TASK TO COMPLETE:
Write out the entries below exactly, starting at the first line and stopping after the line that contains "Splendido altorilievo raffigurante"; skip all pictures.

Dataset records
= Beginning of Section =

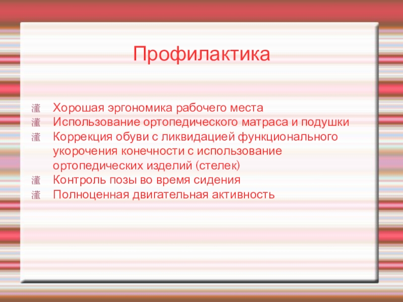 ПрофилактикаХорошая эргономика рабочего местаИспользование ортопедического матраса и подушкиКоррекция обуви с ликвидацией функционального укорочения конечности с использование ортопедических
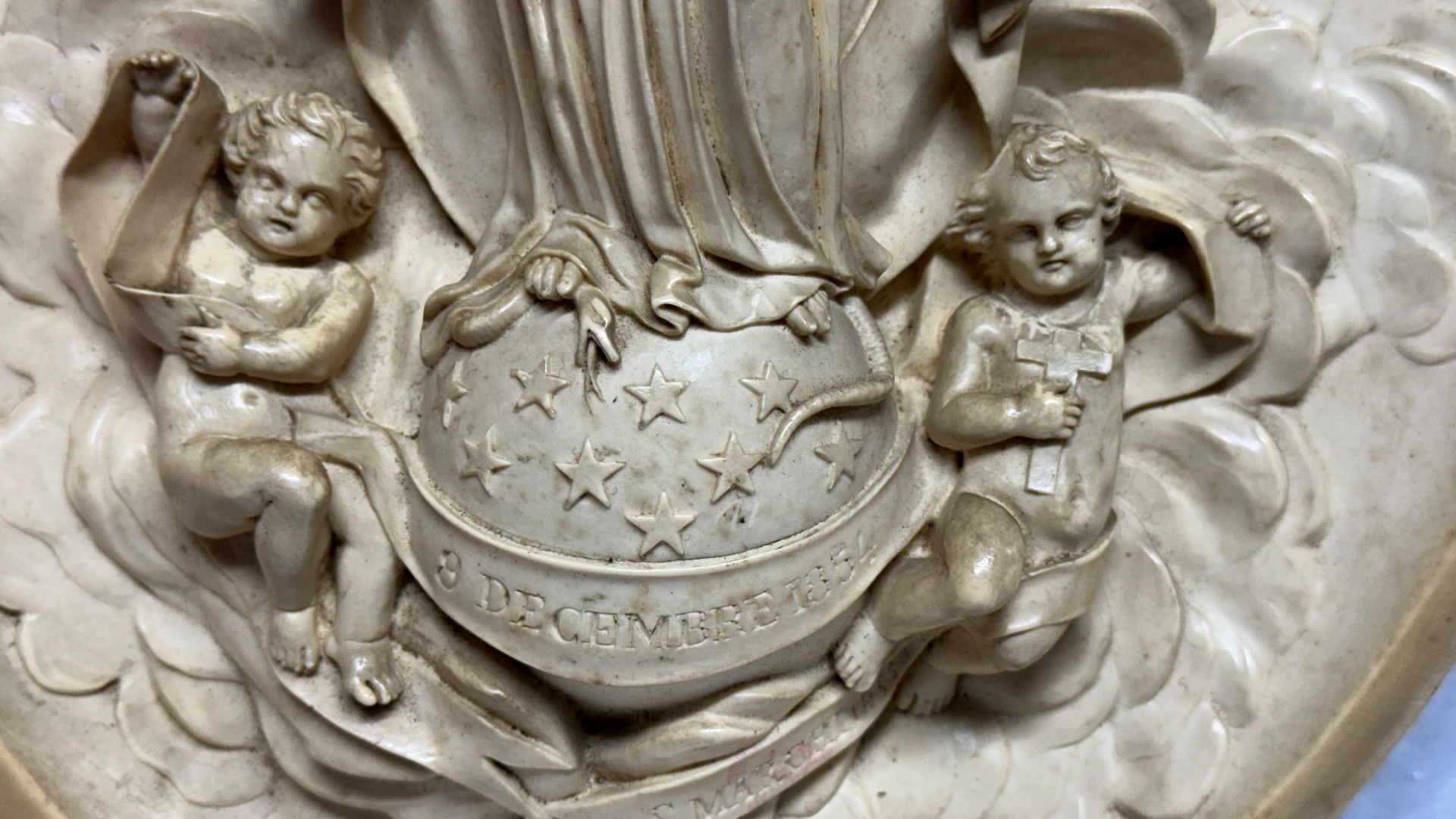 Splendido altorilievo raffigurante la Vergine Maria circondata da angeli. Scolpita in schiuma di mare, pietra calcarea pietrificata, detta anche calcite.
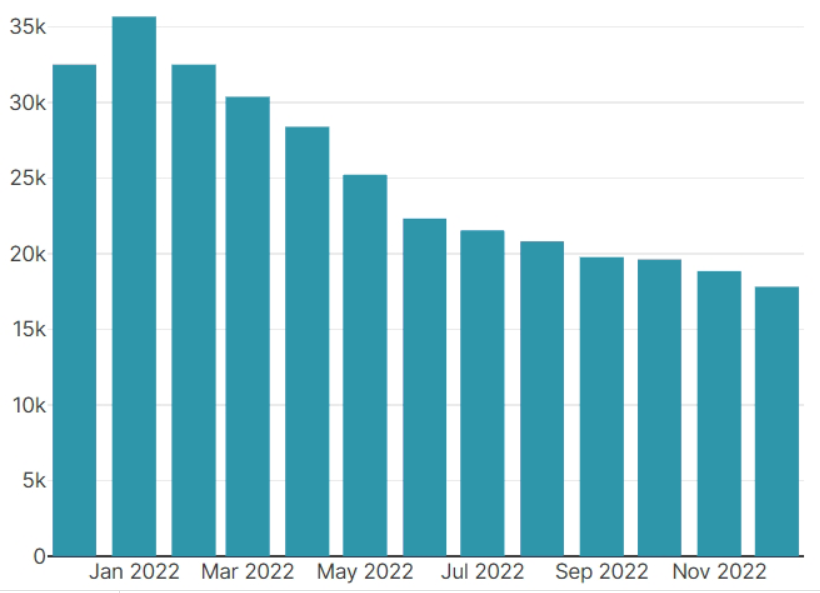 • At the end of December 2022 we had 17,800 monthly active users. About 1,000 fewer than the previous month • In fact, we lost about 3,000 and gained about 2,000 active users • Weekly active users have dropped to 13k and daily to 8k
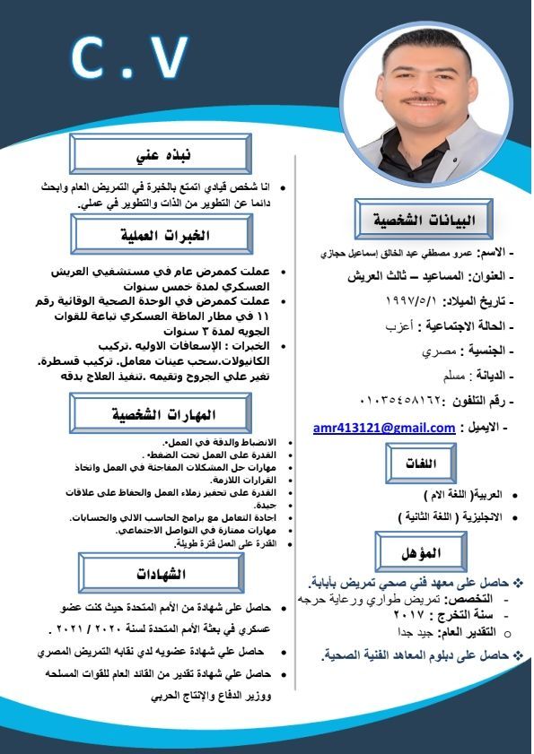 I have extensive experience, having worked as a nurse in the Egyptian Armed Forces, and I am seeking a job opportunity for self - development
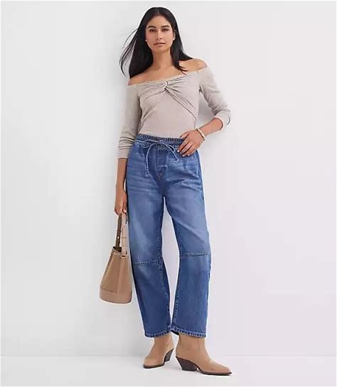 Loft Pull On High Rise Barrel Jeans In Vintage Light Indigo Wash Size 32 Women's
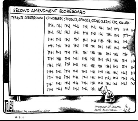 這幅漫畫(huà)題為《第二修正案“得分板”》,右邊顯示因?yàn)榈诙拚杆劳龅耐隆W(xué)生、配偶、商店售貨員等各色人等。美國(guó)憲法第二修正案是美國(guó)公民擁槍的主要法律依據(jù)。

= End of Section =

SOLUTION TO THIS EXERCISE:
 ПрофилактикаХорошая эргономика рабочего местаИспользование ортопедического матраса и подушкиКоррекция обуви с ликвидацией функционального укорочения конечности с использование ортопедических
 Splendido altorilievo raffigurante la Vergine Maria circondata da angeli. Scolpita in schiuma di mare, pietra calcarea pietrificata, detta anche calcite.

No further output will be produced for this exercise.